In his confirmation hearing, Tillerson went out of his way to appease both Republican and Democratic war hawks in relation to both Russia and China. He called for a tough line against both nuclear powers, even suggesting that the US might block China from accessing its own islets in the South China Sea, on the grounds that these bits of land had been artificially created and were not legally Chinese territory.

At a press briefing at the White House Monday, Trump’s press secretary Sean Spicer confirmed that blocking China from its islets was indeed under consideration by the Trump administration. Chinese spokesmen have called any such action tantamount to an act of war.

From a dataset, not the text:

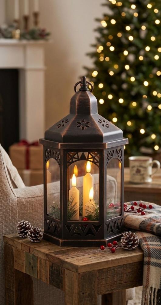 Lampáš MagicHome Vianoce Morocco, LED teplá biela, sviečky, čierny, 3xAAA, plast, časovač,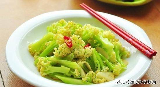 2、放菜花煸炒,加适量清水盖上盖炖一会儿稍微变软,加盐调味翻炒均匀出锅。

The Democrats who voted against Tillerson did so for the same reason that McCain, Graham and Rubio had initially criticized him: his business ties to Russia. The top Democrat on the committee, Ben Cardin of Maryland, said a major issue was Tillerson’s unwillingness use the term “war crimes” to describe Russian military operations in Syria. He contrasted Tillerson’s responses to the more hawkish language of the new Secretary of Defense Mattis and South Carolina Governor Nikki Haley, named by Trump to become ambassador to the United Nations.

Cardin, Schumer, McCain and Graham are planning to introduce legislation that would bar the reduction of economic sanctions against Russia without congressional approval. The bill, likely to have overwhelming bipartisan support, could be scuttled only by the intervention of Senate Majority Leader Mitch McConnell, who controls the flow of legislation.

The sanctions bill is part of the continuing campaign waged by the Democrats and a section of the Republicans throughout the Trump transition centered on the claim that the Russian government hacked into the emails of the Democratic National Committee and the Clinton campaign in an effort to aid Trump. The purpose of this propaganda offensive, which lacks any factual foundation, is to prevent any softening in the hardline anti-Russian policy adopted by the Obama administration in 2014 as part of the US intervention that brought down the elected pro-Russian government in Ukraine and replaced it with the current far-right, pro-US regime.